POLAJABAR - Festival Halloween dikenal sebagai malam penuh kostum seram, permen, dan dekorasi labu yang menghiasi rumah-rumah.
Namun, akar dari perayaan ini jauh lebih kuno dan kaya makna yangi jejaknya bisa ditemukan pada zaman bangsa Celtic.
Sekitar 2.000 tahun lalu, bangsa Celtic yang mendiami wilayah Irlandia, Inggris Utara dan Prancis Utara merayakan festival tahunan yang disebut Samhain.
Festival ini diselenggarakan pada setiap malam 31 Oktober hingga 1 November untuk menandai akhir masa panen dan memasuki musim dingin.

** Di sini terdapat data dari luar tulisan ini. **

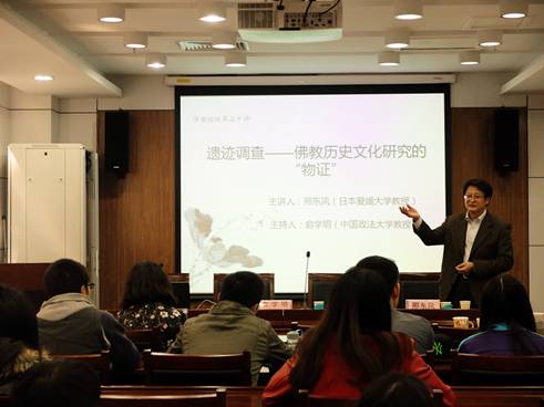 2015年4月10日14:00,华岩论坛系列讲座在学院路校区科B211会议室如期开讲。本次讲座邀请曾任中国人民大学中国哲学史教研室主任、佛教与宗教学理论研究所副所长,现任日本爱媛大学教授的邢东风老师,做了题为《遗迹调查——佛教历史文化研究的“物证”》的精彩讲演。讲座由公司副经理、宗教与法律研究中心主任俞学明教授担任主持,并邀请公司王心竹教授、钱雪松老师作为现场点评嘉宾。
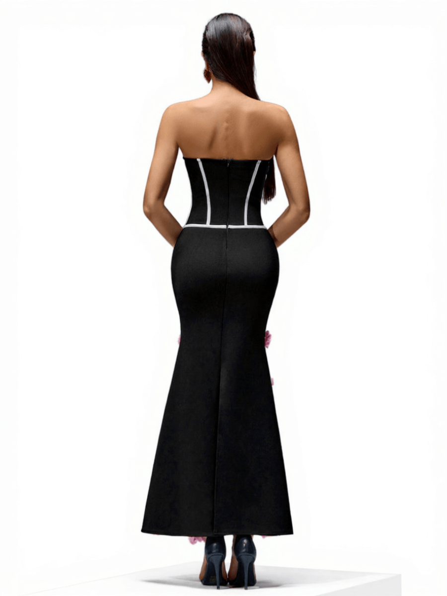 Strapless black maxi dress with white piping and pink floral accents on hem

Pada masa itu dipercaya bahwa batas antara dunia hidup dan dunia arwah menjadi tipis. Akibatnya, roh-roh (termasuk “penyebab bahaya”) dapat berkelana ke dunia manusia.
Untuk menghadapinya, orang menghidupkan api unggun besar, mengenakan kostum dan topeng sebagai perlindungan atau penyamaran dari arwah-arwah.

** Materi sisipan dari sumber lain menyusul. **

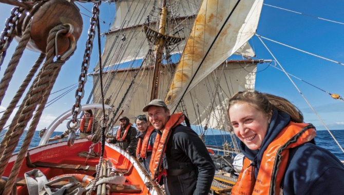 With increasing winds, slowly picking up to 15-18kn from the SW and WSW, in the early morning was time to start setting more canvas. Gradually more sails are sheeted down and hoisted, and by dawn, while the sun comes up over the horizon in yet another amazing sunrise, the Europa happily sails again at 6 to 7kn, in the good weather and wind conditions with all her squares set, plus Lower and Middle Staysails, all head rig and the Spanker. As the morning hours pass by, several squalls clearly show up in the radar, crossing paths with us and carrying wind and rain in short blasts, but enough to make us take some precautions and clue up the Royals. The sunny afternoon allowed us to swing out the Sloopy, that has been resting on deck, making for difficult setting of the Main Course tacks. With her secured alongside there is more space available to fiddle around with sails allowing better sail setting. Afterwards, fair winds from the WSW blowing about 23 to 25kn, made for setting the Royals once more, and having the ship sailing with all her canvas but Upper Staysails and Gaff Top Sail. Like this our speed increase to 8-9kn keeping a good steering course of 20º. As the evening comes, the sunny weather gets masked by some meteorological instability, with more squalls sweeping over the ocean, that could be seen at the distance as dark clouds clinging from the sky. In prevision of the associated wind increase and also having in mind the stronger winds expected during the night, the Royals are furled again, reducing canvas with the last light of the day before dinner.Day like today make for all to wake up, enjoy the good weather and sailing conditions, join the watches, bring cameras on deck, and at the same time also increase the affluence to the different talks offered by the crew and guides. Today, as we left already behind the cold Antarctic waters and now we sail in the Southern temperate areas of the South Atlantic, Sarah and Jordi wanted to wrap-up all the information about the Polar Regions.Behind us lay the colder latitudes of the 60’s and the 50’s and we now find ourselves on what are called since the early times os sailing “the roaring forties” where strong W-ly winds prevail. So far today we had a mild journey on fair breeze and good seas, but is forecasted a change in the next hours. Looks like we will have back some of the hard sailing experiences we passed further South, though now under more benign temperatures. Thinking back on our time passed in Antarctica and South Georgia Jordi did a second talk about Polar Ecosystems, now getting into more detail on the wildlife inhabiting those extreme environments and their adaptations to endure life close to the Poles. Many pictures were shown as well taken from his travels on sailing ships up North and in the Antarctic region, as a comparison of the diversity on both areas. On the other hand, Sarah is been living for years now in Spitsbergen, and she offered an overview of how is to live there and see theextraordinarily different seasons passing by, with their long and cold winters, relatively short summers and even shorter spring and autumn. Also today, Janke gathered all who wanted for a lecture as acontinuation of the sail training and navigation program. Our Captain explained the different Points of sail depending where we want to steer the ship in the different winds, and about the sail configuration in any case. Different wind directions and strength combined with the swell characteristics, make for setting different amount of canvas. While we were enjoying the sun on deck, taking pictures or on duty at the wheel and lookouts, a quick look at the sea offered a variety of new and exciting bird species to keep adding to our already long list. Numerous of the Inaccessible Island (from the Tristan archipelago) endemic Spectacled petrels could be seen following the ship. They are close relatives from the more common White chinned. The latter with breeding grounds all along the subantarctic islands and still spotted here and there almost every day we spend at sea. Spectacled are great travelers, when leaving the nesting colonies they disperse all over the southern hemisphere oceans, but mostly following the Brazilian and Benguela currents along the South American and African coasts. Another of the Tristan da Cunha endemic birds seen today is the beautiful Atlantic petrel, with their dark brown upper parts including the head and upper breast. Also under the tail but showing a light belly. After raising their chicks in the islands, they also disperse over the south Atlantic including further north to subtropical areas. And including another bird that almost could be considered another endemism, Great shearwaters keep flying around all day. They are one of the great world’s ocean wanderers, that can be found all the way in the North Atlantic including latitudes around Southern Greenland, but their breeding grounds are restricted to Tristan da Cunha group with a small population nesting at Falklands. Sharing the seas with those larger species, also some of the small but brave storm petrels keep fluttering their wings over the ocean swells, hundreds of miles away from land. Two more different species were spotted today: White bellied and White faced storm petrels. The first one is similar to the Wilson and Black bellied but showing a completely white underpart, between the black head an neck and the under part of the tail. Less common than other similar storm petrels, their nesting areas reduced to a handful of the smallest Sub Antarctic Islands along the Polar Front, also Tristan and Gough group, and the remote Eastern and Juan Fernandez Islands along the chilean coast. The distinctive White faced storm petrel are slender and elegant, withnoticeably long legs and large rounded wings. Black long patches covering the eyes and white face and forehead A bit more cosmopolitan than other of their relatives storm petrels, white faced are n

Ritual-ritual seperti menyalakan api, meninggalkan makanan untuk roh, dan ramalan-ramalan malam tersebut adalah bagian dari tradisi Samhain.
Dengan berkembangnya Kristen di Eropa, Gereja Barat mulai menetapkan hari 1 November sebagai All Saints’ Day atau hari memperingati semua santo dan martir.
Sementara malam sebelumnya (31 Oktober) kemudian dikenal sebagai “All Hallows’ Eve”.